我们微调 GPT-2 以基于 IMDB 数据集生成积极的电影评论。该模型会接收真实评论的开头部分,并需要生成积极的后续内容。为了奖励积极的后续内容,我们使用 BERT 分类器来分析生成句子的情感,并将分类器的输出作为 PPO 训练的奖励信号。
实验设置
下载模型和数据
数据集
export HF_ENDPOINT=https://hf-mirror.com; huggingface-cli download --resume-download stanfordnlp/imdb --local-dir dataset/imdb --repo-type dataset
参考模型
export HF_ENDPOINT=https://hf-mirror.com; huggingface-cli download --resume-download lvwerra/gpt2-imdb --local-dir model/gpt2-imdb
奖励模型
export HF_ENDPOINT=https://hf-mirror.com; huggingface-cli download --resume-download lvwerra/distilbert-imdb --local-dir model/distilbert-imdb
导入依赖项
# %pip install -r requirements.txt
# import os
# os.environ['CUDA_VISIBLE_DEVICES'] = '7'
import torch
from tqdm import tqdm
import pandas as pd
tqdm.pandas()
from transformers import pipeline, AutoTokenizer
from datasets import load_dataset
from trl import PPOTrainer, PPOConfig, AutoModelForCausalLMWithValueHead
from trl.core import LengthSampler
配置
config = PPOConfig(
model_name="model/gpt2-imdb",
learning_rate=1.41e-5,
log_with="wandb",
)
sent_kwargs = {"top_k": None, "function_to_apply": "none", "batch_size": 16}
import wandb
wandb.init()
你可以看到我们加载了一个名为 gpt2_imdb 的 GPT-2 模型。该模型在 IMDB 数据集上额外微调了 1 个 epoch,使用的是 Hugging Face 的脚本(无特殊设置)。其余参数主要取自原始论文《Fine-Tuning Language Models from Human Preferences》。该模型以及 BERT 模型均可在 Hugging Face 的模型库中获取,具体链接在这里。
加载数据和模型
加载 IMDB 数据集
IMDB 数据集包含了 50,000 条电影评论,并标注了“积极”/“消极”的情感反馈。我们将 IMDB 数据集加载到一个 DataFrame 中,并筛选出至少 200 个字符的评论。然后,我们对每条文本进行分词,并使用 LengthSampler 将其随机截断为指定长度。
def build_dataset(
config,
dataset_name="dataset/imdb",
input_min_text_length=2,
input_max_text_length=8,
):
"""
Build dataset for training.
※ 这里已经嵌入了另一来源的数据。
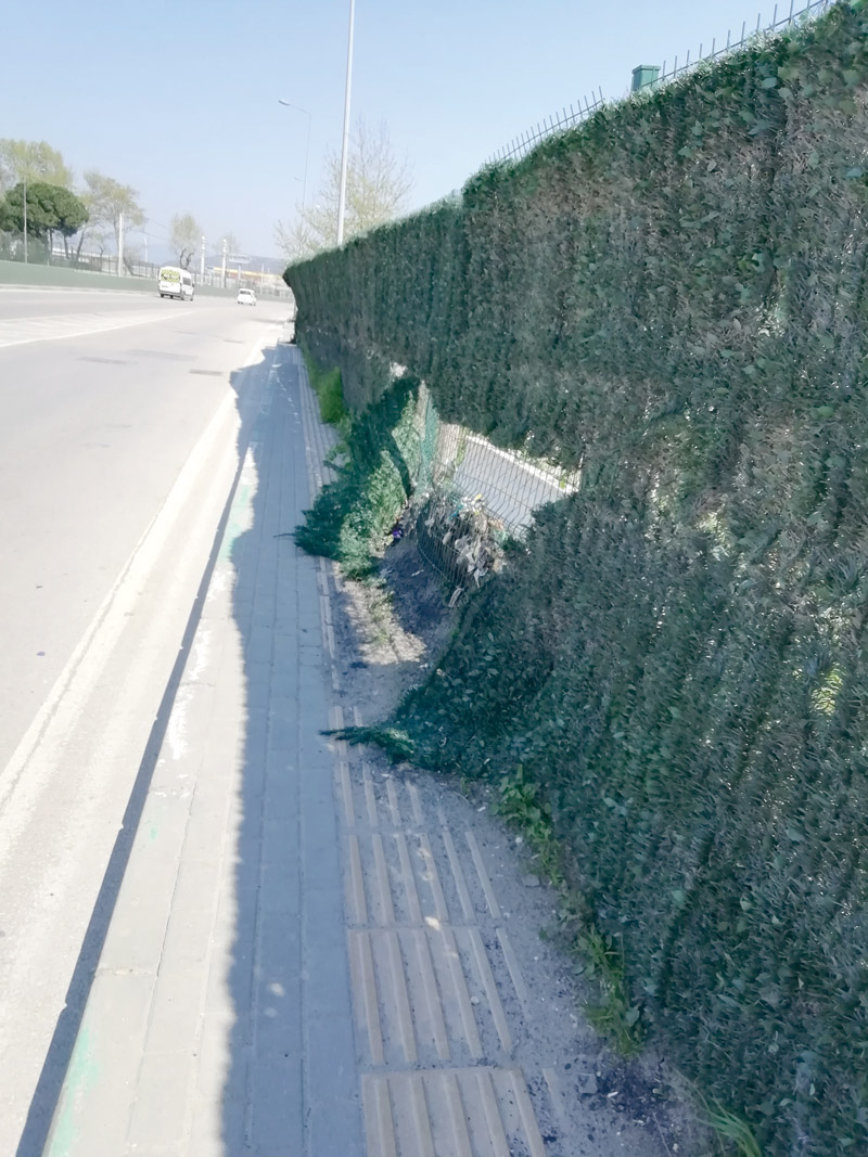 Ankara yolu üzeri Gürsu Kavşağı’nın biraz ilerisindeki kaldırımdaki yeşil tel örgü kırılmış, hasar görmüş.

This builds the dataset from `load_dataset`, one should
customize this function to train the model on its own dataset.
Args:
dataset_name (`str`):
The name of the dataset to be loaded.
Returns:
dataloader (`torch.utils.data.DataLoader`):
The dataloader for the dataset.
"""
tokenizer = AutoTokenizer.from_pretrained(config.model_name)
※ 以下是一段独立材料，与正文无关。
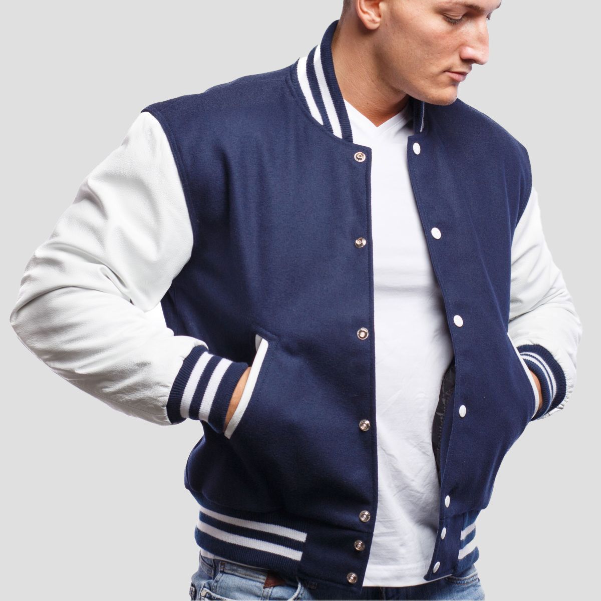 Royal blue body made with color-fast heavyweight 24-ounce wool (80% wool and 20% nylon).Knit stand-up style collar made of acrylic wool.Bright white sleeves made with premium quality cowhide real leather.High quality metal snaps covered with bright white acrylic paint. Deep pockets with bright white cowhide leather finish.Two color acrylic wool.100% Black polyester taffeta with quilted stitching.

tokenizer.pad_token = tokenizer.eos_token
# load imdb with datasets
ds = load_dataset(dataset_name, split="train")
ds = ds.rename_columns({"text": "review"})
ds = ds.filter(lambda x: len(x["review"]) > 200, batched=False)
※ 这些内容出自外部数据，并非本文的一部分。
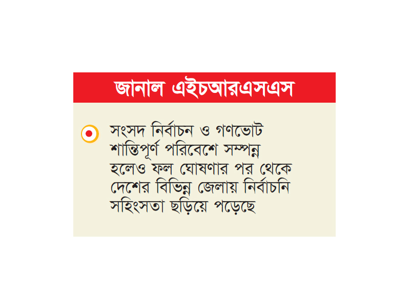 ত্রয়োদশ জাতীয় সংসদ নির্বাচন ও গণভোট শান্তিপূর্ণ পরিবেশে সম্পন্ন হলেও ফল ঘোষণার পর থেকে দেশের বিভিন্ন জেলায় নির্বাচনি সহিংসতা ছড়িয়ে পড়েছে। এসব ঘটনায় মুন্সিগঞ্জ ও বাগেরহাটে দুই যুবক এবং ময়মনসিংহের হালুয়াঘাটে এক শিশু নিহত হওয়ার খবর পাওয়া গেছে। এছাড়া অন্তত ৩০টি জেলায় দুই শতাধিক পৃথক সংঘর্ষে তিন শতাধিক মানুষ আহত হয়েছেন। ভাঙচুর ও অগ্নিসংযোগ করা হয়েছে অন্তত ৩৫০টি অফিস, ব্যবসা প্রতিষ্ঠান ও ঘরবাড়িতে। গতকাল রোববার রাজধানীর জাতীয় প্রেসক্লাবে হিউম্যান রাইটস সাপোর্ট সোসাইটি (এইচআরএসএস) আয়োজিত এক সংবাদ সম্মেলনে এসব তথ্য জানানো হয়। সংগঠনের নির্বাহী পরিচালক ইজাজুল ইসলাম লিখিত বক্তব্যে এসব সহিংসতা বন্ধে রাজনৈতিক দলগুলোকে কঠোর পদক্ষেপ নেওয়ার আহ্বান জানান।

input_size = LengthSampler(input_min_text_length, input_max_text_length)
def tokenize(sample):
sample["input_ids"] = tokenizer.encode(sample["review"])[: input_size()]
sample["query"] = tokenizer.decode(sample["input_ids"])
return sample
ds = ds.map(tokenize, batched=False)
ds.set_format(type="torch")
return ds
dataset = build_dataset(config)
def collator(data):
return dict((key, [d[key] for d in data]) for key in data[0])
加载预训练的 GPT2 语言模型
我们加载带有值头(value head)的 GPT2 模型和分词器。我们加载了两次模型;第一个模型用于优化,而第二个模型作为参考,用于计算与初始点的 KL 散度(KL-divergence)。这在 PPO 训练中作为额外的奖励信号,以确保优化后的模型不会偏离原始语言模型太远。
model = AutoModelForCausalLMWithValueHead.from_pretrained(config.model_name)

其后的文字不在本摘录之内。